[Stored items from a collection]
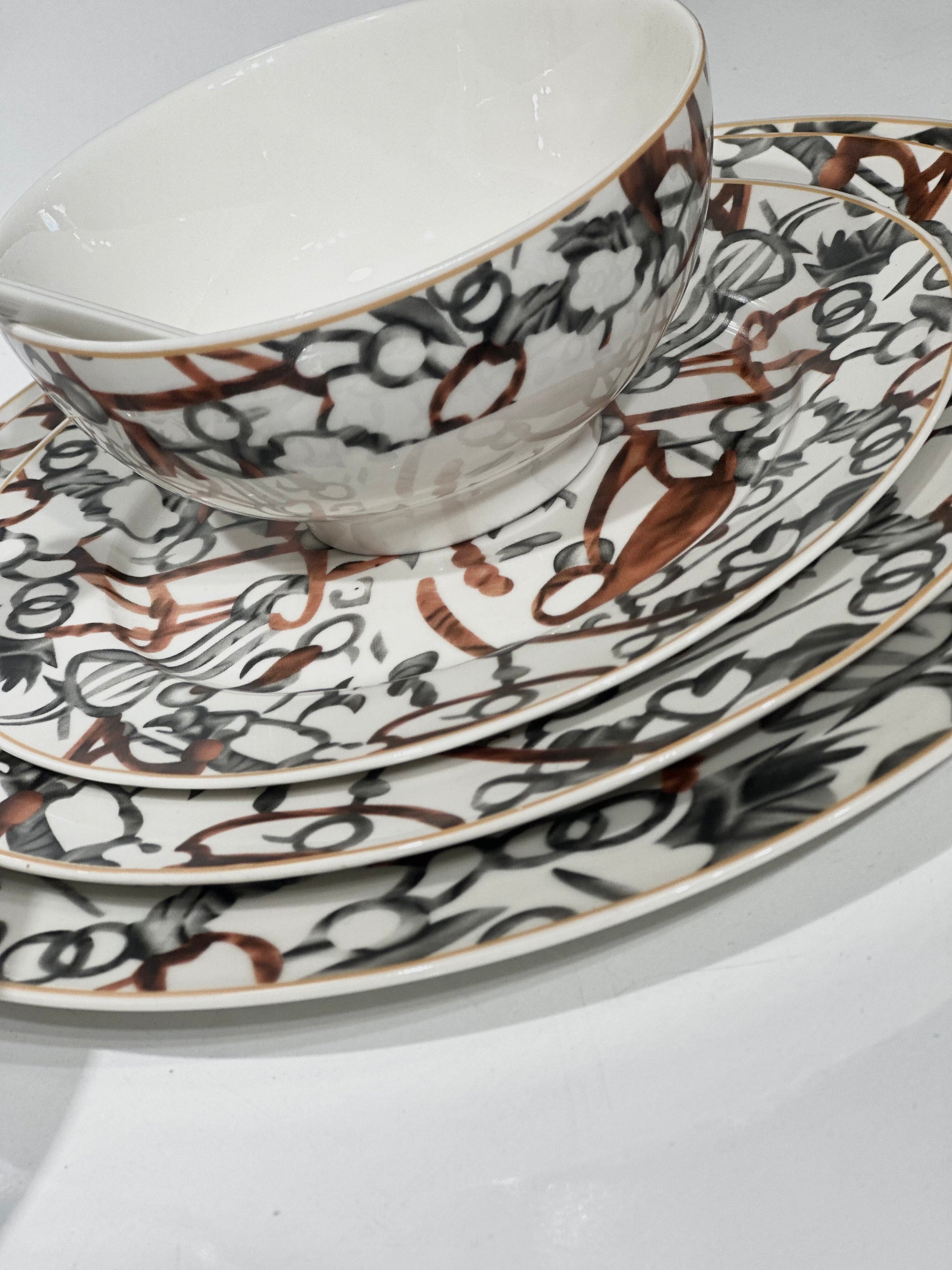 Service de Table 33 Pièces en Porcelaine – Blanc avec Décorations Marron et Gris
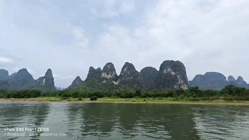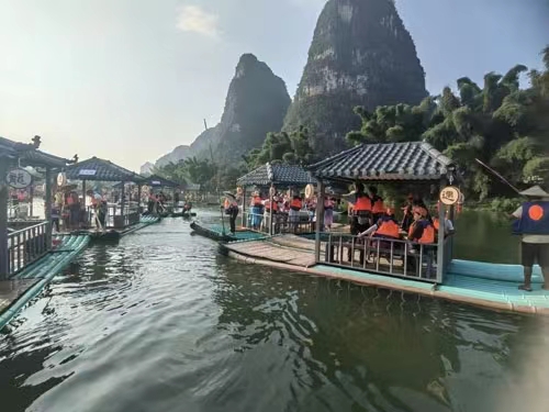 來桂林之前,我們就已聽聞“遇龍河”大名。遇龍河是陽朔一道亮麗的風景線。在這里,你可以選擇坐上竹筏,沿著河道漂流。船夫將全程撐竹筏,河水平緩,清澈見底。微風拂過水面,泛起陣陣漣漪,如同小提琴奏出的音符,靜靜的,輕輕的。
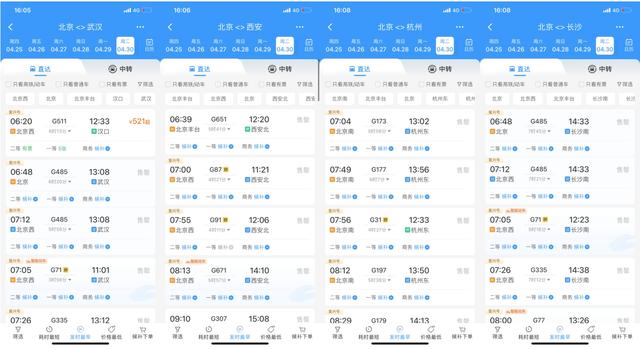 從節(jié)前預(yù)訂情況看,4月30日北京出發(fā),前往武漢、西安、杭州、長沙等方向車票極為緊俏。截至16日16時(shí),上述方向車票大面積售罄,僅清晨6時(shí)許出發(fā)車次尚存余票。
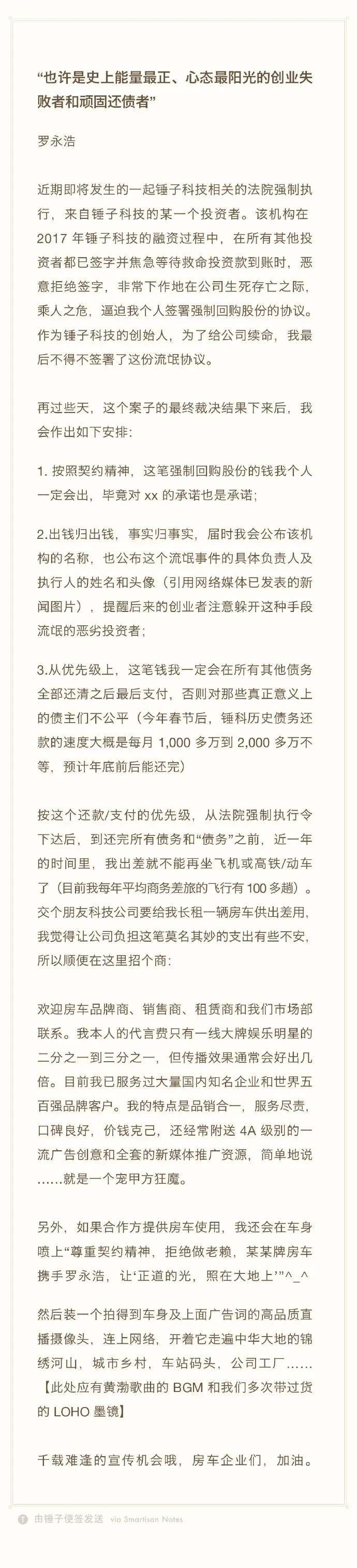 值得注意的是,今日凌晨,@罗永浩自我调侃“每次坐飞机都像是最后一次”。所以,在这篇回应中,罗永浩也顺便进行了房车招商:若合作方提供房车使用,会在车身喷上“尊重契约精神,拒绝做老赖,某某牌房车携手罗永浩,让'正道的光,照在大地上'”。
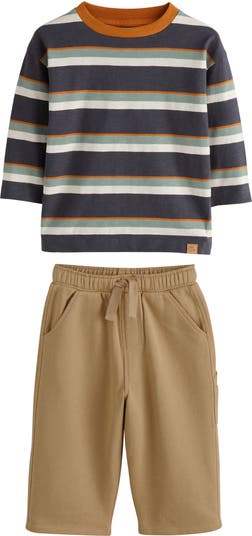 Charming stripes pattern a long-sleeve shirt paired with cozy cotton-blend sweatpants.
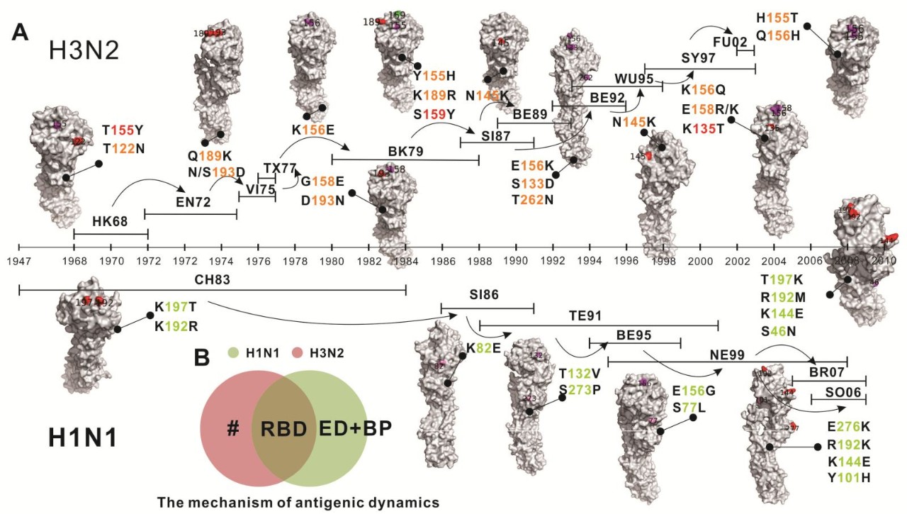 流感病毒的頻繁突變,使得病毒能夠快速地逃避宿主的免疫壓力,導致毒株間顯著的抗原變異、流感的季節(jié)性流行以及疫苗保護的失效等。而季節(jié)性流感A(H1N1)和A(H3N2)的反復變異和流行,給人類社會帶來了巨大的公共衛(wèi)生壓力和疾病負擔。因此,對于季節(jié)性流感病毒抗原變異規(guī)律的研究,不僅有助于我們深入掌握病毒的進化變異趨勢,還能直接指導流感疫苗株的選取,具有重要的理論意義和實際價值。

# Description of the task
Your copy of the entries must be exact and must not include any of their pictures.

# Answer to the exercise
 Service de Table 33 Pièces en Porcelaine – Blanc avec Décorations Marron et Gris
 來桂林之前,我們就已聽聞“遇龍河”大名。遇龍河是陽朔一道亮麗的風景線。在這里,你可以選擇坐上竹筏,沿著河道漂流。船夫將全程撐竹筏,河水平緩,清澈見底。微風拂過水面,泛起陣陣漣漪,如同小提琴奏出的音符,靜靜的,輕輕的。
 從節(jié)前預(yù)訂情況看,4月30日北京出發(fā),前往武漢、西安、杭州、長沙等方向車票極為緊俏。截至16日16時(shí),上述方向車票大面積售罄,僅清晨6時(shí)許出發(fā)車次尚存余票。
 值得注意的是,今日凌晨,@罗永浩自我调侃“每次坐飞机都像是最后一次”。所以,在这篇回应中,罗永浩也顺便进行了房车招商:若合作方提供房车使用,会在车身喷上“尊重契约精神,拒绝做老赖,某某牌房车携手罗永浩,让'正道的光,照在大地上'”。
 Charming stripes pattern a long-sleeve shirt paired with cozy cotton-blend sweatpants.
 流感病毒的頻繁突變,使得病毒能夠快速地逃避宿主的免疫壓力,導致毒株間顯著的抗原變異、流感的季節(jié)性流行以及疫苗保護的失效等。而季節(jié)性流感A(H1N1)和A(H3N2)的反復變異和流行,給人類社會帶來了巨大的公共衛(wèi)生壓力和疾病負擔。因此,對于季節(jié)性流感病毒抗原變異規(guī)律的研究,不僅有助于我們深入掌握病毒的進化變異趨勢,還能直接指導流感疫苗株的選取,具有重要的理論意義和實際價值。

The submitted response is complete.